[Date Prev][Date Next][Thread Prev][Thread Next][Date Index][Thread Index]

Re: [Condor-users] Condor 6.9.2 hung schedd



On Wed, Jun 13, 2007 at 11:36:44AM -0500, Dan Bradley wrote:
> 
> 
> Steffen Grunewald wrote:
> 
> >Question to Condor developers: where's the status of submitted jobs kept
> >over a restart of condor_schedd?
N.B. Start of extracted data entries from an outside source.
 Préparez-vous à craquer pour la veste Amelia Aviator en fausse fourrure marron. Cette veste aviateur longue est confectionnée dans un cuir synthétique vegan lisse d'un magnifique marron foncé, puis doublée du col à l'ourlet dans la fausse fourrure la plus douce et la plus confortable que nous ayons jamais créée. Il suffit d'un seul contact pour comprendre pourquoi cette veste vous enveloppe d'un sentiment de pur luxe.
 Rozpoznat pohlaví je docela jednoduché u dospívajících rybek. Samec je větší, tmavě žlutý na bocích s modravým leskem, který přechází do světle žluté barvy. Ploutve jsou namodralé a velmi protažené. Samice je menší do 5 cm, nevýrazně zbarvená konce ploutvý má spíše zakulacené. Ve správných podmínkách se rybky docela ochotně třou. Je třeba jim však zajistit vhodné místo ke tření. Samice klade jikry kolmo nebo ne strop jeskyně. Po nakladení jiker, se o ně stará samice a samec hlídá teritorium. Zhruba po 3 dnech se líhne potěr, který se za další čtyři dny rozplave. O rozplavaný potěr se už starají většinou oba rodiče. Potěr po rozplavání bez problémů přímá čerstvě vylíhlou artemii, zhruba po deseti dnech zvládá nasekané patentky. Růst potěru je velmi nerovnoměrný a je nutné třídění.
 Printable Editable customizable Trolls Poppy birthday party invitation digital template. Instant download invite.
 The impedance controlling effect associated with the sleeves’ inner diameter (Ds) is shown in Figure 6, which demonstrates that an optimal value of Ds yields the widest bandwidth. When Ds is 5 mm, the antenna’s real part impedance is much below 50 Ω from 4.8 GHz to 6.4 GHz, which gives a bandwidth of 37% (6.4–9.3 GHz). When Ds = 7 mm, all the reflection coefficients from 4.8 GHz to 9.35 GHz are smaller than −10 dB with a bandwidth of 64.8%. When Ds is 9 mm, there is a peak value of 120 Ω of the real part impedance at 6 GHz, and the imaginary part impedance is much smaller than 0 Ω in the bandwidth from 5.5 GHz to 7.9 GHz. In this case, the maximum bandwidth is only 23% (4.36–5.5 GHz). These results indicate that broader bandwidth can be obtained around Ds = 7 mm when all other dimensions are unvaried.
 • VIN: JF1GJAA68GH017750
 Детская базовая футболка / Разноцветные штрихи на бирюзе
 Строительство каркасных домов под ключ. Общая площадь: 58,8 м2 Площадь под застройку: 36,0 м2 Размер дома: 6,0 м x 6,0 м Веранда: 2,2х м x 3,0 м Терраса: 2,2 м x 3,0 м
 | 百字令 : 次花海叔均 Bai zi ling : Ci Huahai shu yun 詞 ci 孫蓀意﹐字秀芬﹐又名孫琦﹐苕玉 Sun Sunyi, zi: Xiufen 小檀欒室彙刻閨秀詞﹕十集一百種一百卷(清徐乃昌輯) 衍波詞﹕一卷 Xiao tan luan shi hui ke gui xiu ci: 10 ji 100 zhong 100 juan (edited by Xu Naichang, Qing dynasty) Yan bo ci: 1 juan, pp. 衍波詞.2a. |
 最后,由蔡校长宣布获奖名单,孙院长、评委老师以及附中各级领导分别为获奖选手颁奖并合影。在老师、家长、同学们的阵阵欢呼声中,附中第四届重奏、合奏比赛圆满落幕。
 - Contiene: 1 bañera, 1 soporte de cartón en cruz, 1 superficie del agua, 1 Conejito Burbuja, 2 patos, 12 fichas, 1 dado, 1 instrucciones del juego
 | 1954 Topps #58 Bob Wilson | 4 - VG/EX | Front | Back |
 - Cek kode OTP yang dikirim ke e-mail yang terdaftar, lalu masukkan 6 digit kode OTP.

It might be easier to make changes there...
> >  
> >
> $(SPOOL)/job_queue.log
> 
> It is fairly easy to understand the format and to make manual changes, 
> but be careful!
> 
> >And why doesn't 'condor_restart -sub schedd' work in this case?
> >  
> >
> Hmm.  It worked for me when I tried it, but I'm running a pre-release of 
> 6.9.3.  The usual problem people have is that their security 
> configuration doesn't allow condor_restart to operate from the machine 
> where they are running it, but the command-line tool does not know 
> whether the operation was rejected or not, so there is no visible 
> complaint to the user.  If you look in the schedd log, you will see a 
> message indicating that it rejected the command.
> 

One question is whether the schedd will honor a restart request when
it is blocked on a system call to obtain a file lock for a user log file?

-- 
Stuart Anderson  anderson@xxxxxxxxxxxxxxxx
http://www.ligo.caltech.edu/~anderson